The Chrome Root Program Policy states that Certification Authority (CA) certificates included in the Chrome Root Store must provide value to Chrome end users that exceeds the risk of their continued inclusion. It also describes many of the factors we consider significant when CA Owners disclose and respond to incidents. When things don’t go right, we expect CA Owners to commit to meaningful and demonstrable change resulting in evidenced continuous improvement.
Chrome's confidence in the reliability of Chunghwa Telecom and Netlock as CA Owners included in the Chrome Root Store has diminished due to patterns of concerning behavior observed over the past year.

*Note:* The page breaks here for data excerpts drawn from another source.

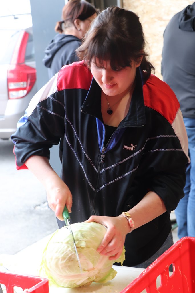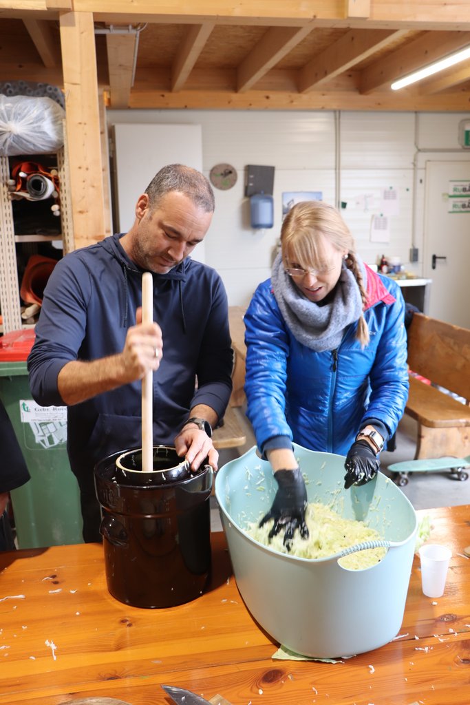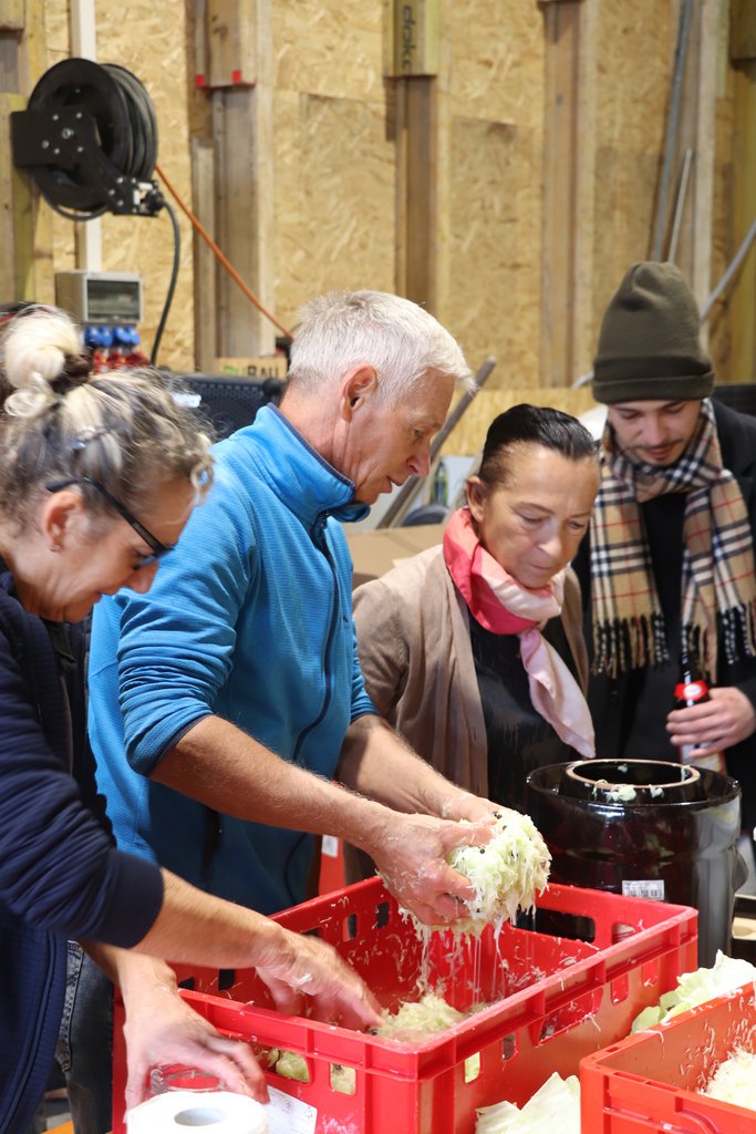 Der Ablauf war bestens organisiert: Zum Auftakt gab es eine kurze Einführung in die Kunst der Sauerkrautherstellung, bevor eifrig geschnippelt, gehobelt und gemischt wurde.Kraut, Hobel und Gewürze wurde vom Verein zur Verfügung gestellt.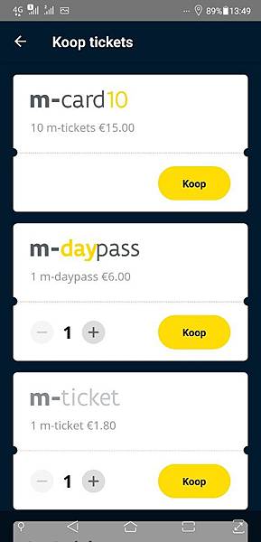 接著選票種,詳細的購票說明可以上官網,雖然是荷蘭文但可以透過Google chrome內建的英文翻譯功能來略知一二。第一張m-card10指的是購買10次60分鐘內無限乘坐的機會,要價15歐;第二張m-daypass則是單日無限乘坐,要價6歐;第三張m-ticket是單程票,要價1.8歐。若在公車/輕軌上購買單程票,要價3歐且不找零。下載這個app不但方便還可以省錢。選好要幾張票就可以按下黃色的Koop按鈕付款啦!我的手機有使用 Google pay,因此用事先綁定的信用卡付款即可。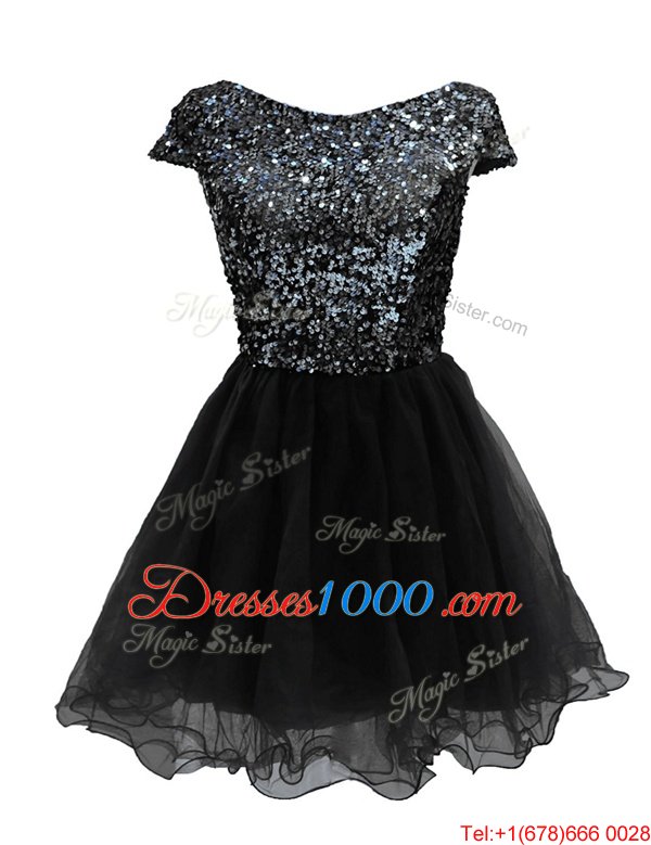 Black Evening Party Dresses Prom and Party and For with Sequins Bateau Cap Sleeves Zipper

These patterns represent a loss of integrity and fall short of expectations, eroding trust in these CA Owners as publicly-trusted certificate issuers trusted by default in Chrome. To safeguard Chrome’s users, and preserve the integrity of the Chrome Root Store, we are taking the following action.
Upcoming change in Chrome 139 and higher:
- Transport Layer Security (TLS) server authentication certificates validating to the following root CA certificates whose earliest Signed Certificate Timestamp (SCT) is dated after July 31, 2025 11:59:59 PM UTC, will no longer be trusted by default.

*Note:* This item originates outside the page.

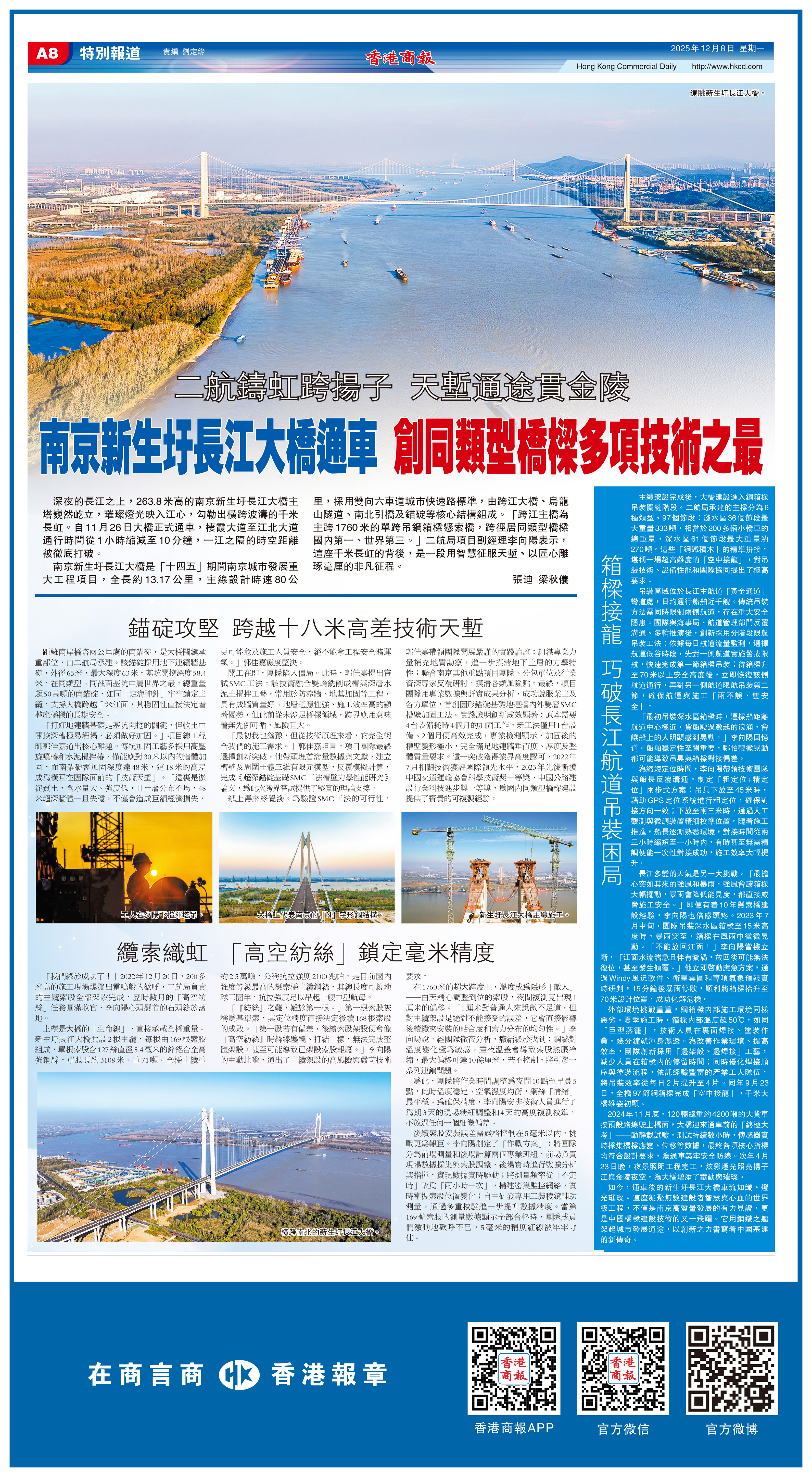 二航鑄虹跨揚子 天塹通途貫金陵 南京新生圩長江大橋通車 創同類型橋樑多項技術之最

- OU=ePKI Root Certification Authority,O=Chunghwa Telecom Co., Ltd.,C=TW
- CN=HiPKI Root CA - G1,O=Chunghwa Telecom Co., Ltd.,C=TW
- CN=NetLock Arany (Class Gold) Főtanúsítvány,OU=Tanúsítványkiadók (Certification Services),O=NetLock Kft.,L=Budapest,C=HU
- TLS server authentication certificates validating to the above set of roots whose earliest SCT is on or before July 31, 2025 11:59:59 PM UTC, will be unaffected by this change.
This approach attempts to minimize disruption to existing subscribers using a previously announced Chrome feature to remove default trust based on the SCTs in certificates.

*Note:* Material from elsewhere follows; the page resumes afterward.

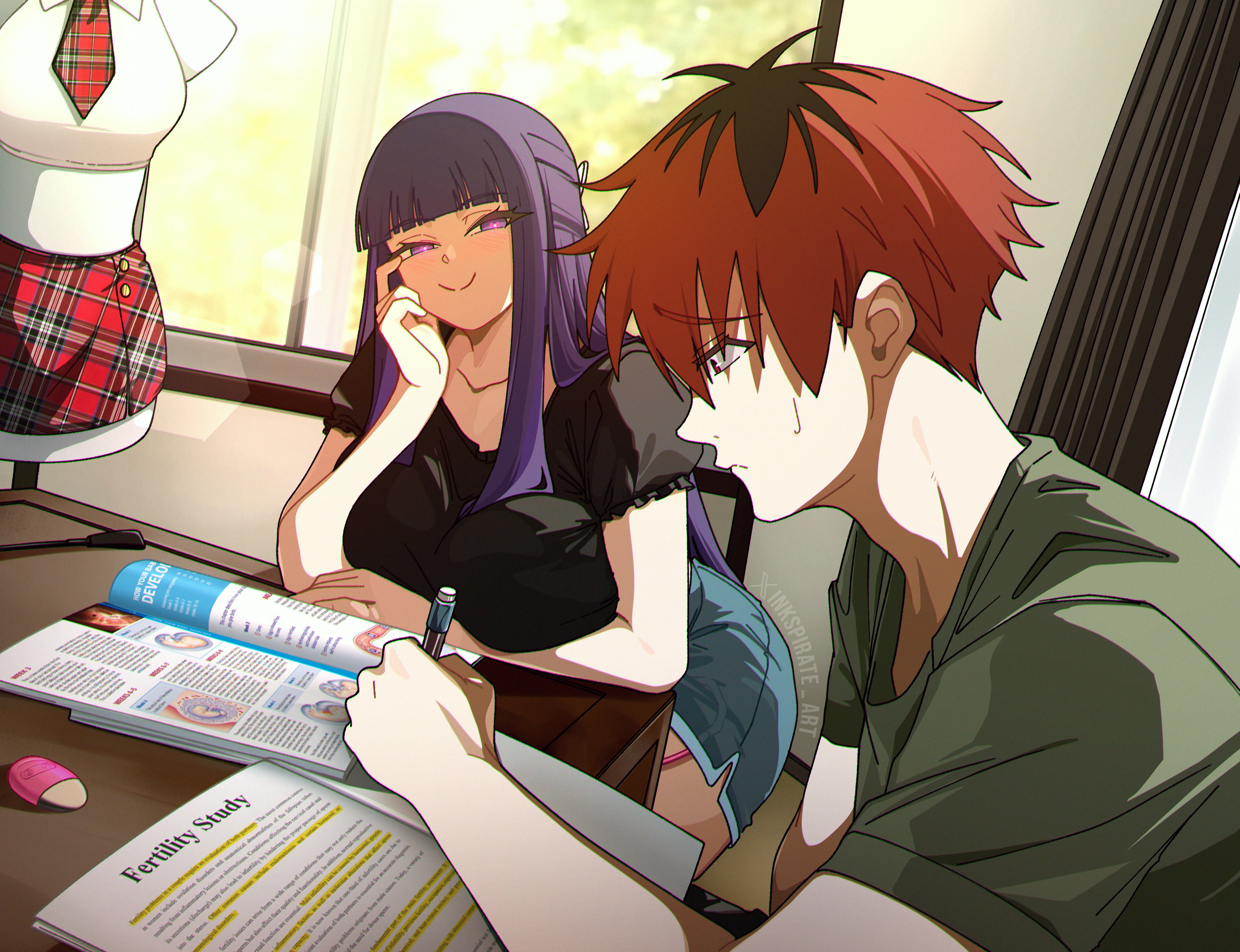 1boy1girlarm supportartist nameblack shirtblue shortsblunt bangsbookc:contemporarycropped shirtenglish texteraserfrom sidefurrowed browgreen shirtheartheart-shaped pupilsindoorslong hairmannequinnaughty facepencilprofilepuffy short sleevespuffy sleevespurple hairred eyesred hairred skirtremote control vibratorsex toyshirtshort sleevesshortssittingskirtsmilesymbol-shaped pupilstabletwitter usernametwitter x logovibratorwhip

Additionally, should a Chrome user or enterprise explicitly trust any of the above certificates on a platform and version of Chrome relying on the Chrome Root Store (e.g., explicit trust is conveyed through a Group Policy Object on Windows), the SCT-based constraints described above will be overridden and certificates will function as they do today.
To further minimize risk of disruption, website operators are encouraged to review the “Frequently Asked Questions" listed below.
Why is Chrome taking action?CAs serve a privileged and trusted role on the internet that underpin encrypted connections between browsers and websites. With this tremendous responsibility comes an expectation of adhering to reasonable and consensus-driven security and compliance expectations, including those defined by the CA/Browser Forum TLS Baseline Requirements.
Over the past several months and years, we have observed a pattern of compliance failures, unmet improvement commitments, and the absence of tangible, measurable progress in response to publicly disclosed incident reports. When these factors are considered in aggregate and considered against the inherent risk each publicly-trusted CA poses to the internet, continued public trust is no longer justified.
When will this action happen?The action of Chrome, by default, no longer trusting new TLS certificates issued by these CAs will begin on approximately August 1, 2025, affecting certificates issued at that point or later.
This action will occur in Versions of Chrome 139 and greater on Windows, macOS, ChromeOS, Android, and Linux. Apple policies prevent the Chrome Certificate Verifier and corresponding Chrome Root Store from being used on Chrome for iOS.
What is the user impact of this action?By default, Chrome users in the above populations who navigate to a website serving a certificate from Chunghwa Telecom or Netlock issued after July 31, 2025 will see a full page interstitial similar to this one.
Certificates issued by other CAs are not impacted by this action.
How can a website operator tell if their website is affected?Website operators can determine if they are affected by this action by using the Chrome Certificate Viewer.
Use the Chrome Certificate Viewer
- Navigate to a website (e.g., https://www.google.com)
- Click the “Tune" icon
- Click “Connection is Secure"
- Click “Certificate is Valid" (the Chrome Certificate Viewer will open)
- Website owner action is not required, if the “Organization (O)” field listed beneath the “Issued By" heading does not contain “Chunghwa Telecom" , “行政院” , “NETLOCK Ltd.”, or “NETLOCK Kft.”
- Website owner action is required, if the “Organization (O)” field listed beneath the “Issued By" heading contains “Chunghwa Telecom" , “行政院” , “NETLOCK Ltd.”, or “NETLOCK Kft.”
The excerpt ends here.